FDA Study Questions 20 Diagnostic Products

The agency said its study looked at medical journal articles, news reports and FDA warning letters about the following products:

  • Lyme disease antigen and culture tests
  • OvaCheck, for detection of ovarian cancer
  • OvaSure, to detect risk for ovarian cancer
  • PreOvar KRAS-Variant Test, to detect risk for ovarian cancer
  • Whooping Cough (Pertussis) Diagnostic Test
  • Oncotype DX HER2 RT-PCR, to guide treatment of breast cancer
  • SurePath Collection Medium, to detect HPV with high risk of cervical cancer
  • Noninvasive prenatal cell-free DNA testing (NIPT, or cfDNA), to identify fetal abnormalities
  • FM/a Test, to diagnose fibromyalgia
  • KIF6 “Statincheck” Genotyping Assay, to predict risk of heart disease and response to statin treatment
  • Target Now, to detect 20 biomarkers for a range of cancer types
  • Prolaris, to detect risk of occurrence and death in men with prostate cancer
  • XMRV-Chronic Fatigue Syndrome (CFS) Test, to detect mouse virus linked to CFS (since disproved)
  • CARE Clinics BioMarkers, to detect heavy metal as a purported cause of autism
  • Various heavy metal challenge tests, to detect a number of conditions
  • Omapro Companion Diagnostic, to choose leukemia patients for a clinical trial
  • Duke University Chemotherapy Assessment, to match patients with best cancer treatment
  • Vitamin D Test non-invasive test for Vitamin D levels
  • OncoVue, to predict inherited blood cancer risk
  • BrafV600E Mutation Tests, for patients with metastatic melanoma

Wrong, Bogus Tests Can Have Life-and-Death Consequences

The misdiagnoses of serious conditions may have serious consequences. False-positives can lead to unnecessary or wrong treatment; false-negatives can result in failure to get or a delay in needed treatment. Fake tests scam the public for profit, and false claims are simply fraud. One product that claimed to detect fetal abnormalities by examining the mother’s DNA was prone to high levels of false-positives, which may have led to unnecessary abortions, the FDA said.

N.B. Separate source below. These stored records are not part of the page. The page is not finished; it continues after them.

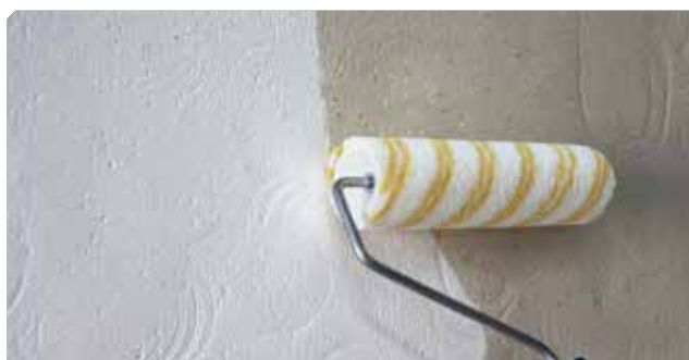
■ Imprimación del soporte con fijapren al disolvente
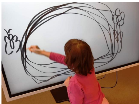
Obrázek 35 – Klárka, Metodický list č. 7
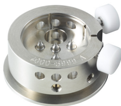
Porte-pièce Pour poser les aiguilles H5XXX.A
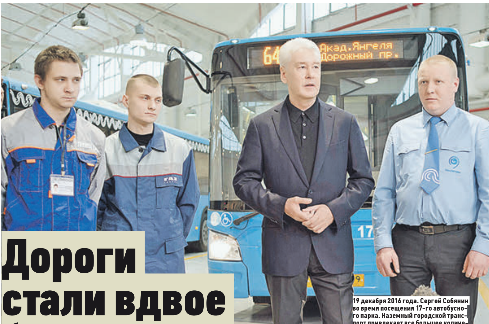
19 декабря 2016 года. Сергей Собянин во время посещения 17-го автобусного парка. Наземный городской транспорт привлекает все большее количество пассажиров

факторов, улучшающих дорожное движение в городе, развитие системы каршеринга — аренды легковых авто.
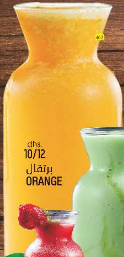
dhs. 10/12 برتقال ORANGE
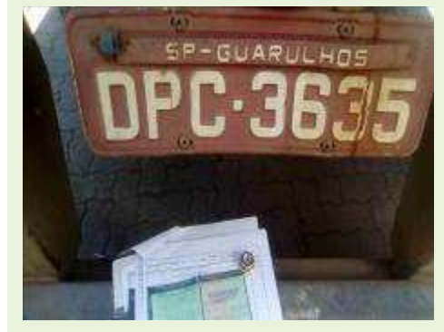
SEMI REBOQUE MARCA RANDON MODELO RANDON SR FG ANO 2006 ANO MODELO 2007 COMPRIMENTO 15 M | Item: 510 |

Lack of Oversight Stems from Outdated Law

The reason these tests aren’t regulated is because the law has not caught up with technology. Products produced by a single laboratory were excluded from FDA oversight in the mid-1970s. There weren’t very many of them. Single-product laboratories existed mostly in hospitals where they formulated a single drug for a select group of patients. Since then, their numbers have exploded. For one thing, advances in genetic engineering have fueled a huge growth in genetics-based testing.

Today, hundreds of diagnostic testing products are produced in stand-alone labs and are offered for sale to doctors or to the public at large. Unlike commercial labs that produce many products, the companies offering these tests are not required to:

  • Gather and report evidence of adverse events
  • Provide proof that the test does what it claims to do
  • Provide proof that the product does not represent an unacceptable risk to patients
  • Use only truthful statements in marketing

This is an oversight with an easy solution.

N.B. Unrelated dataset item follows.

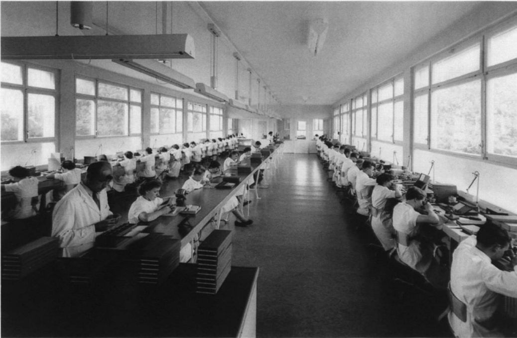
...et vers 1950 (Timor Watch): l'outil de travail s'est modernisé, la main-d'œuvre féminisée, et la production taylorisée.

autant d'exemples d'une diversification industrielle. Deuxièmement, le contexte des années 1960-1970 est déterminé par le rapprochement de la fabrique de Montilier avec Ebauches SA, propriétaire de la marque Derby. Une association qui verra pour quelques années le développement d'une production de prototypes axée sur des technologies nouvelles: le plastique, le quartz et l'électronique. Un partenariat qui fera hélas long feu, dans la mesure où la crise structurelle des années 1970 qui s'abat sur l'ensemble de la branche horlogère suisse, contraint les associations patronales à redimensionner intégralement le parc industriel du pays, faisant de Montilier, un lieu «trop petit pour la Swatch!».

The FDA has made a proposal to Congress that laboratory diagnostic tests (LDTs) be brought into the federal fold and regulated just like at commercial, multi-product laboratories. This action will help separate the poor-to-harmful products from the safe, effective ones. The LDT industry itself should welcome this oversight. Congress should immediately approve the FDA’s plan and put a rush on its implementation.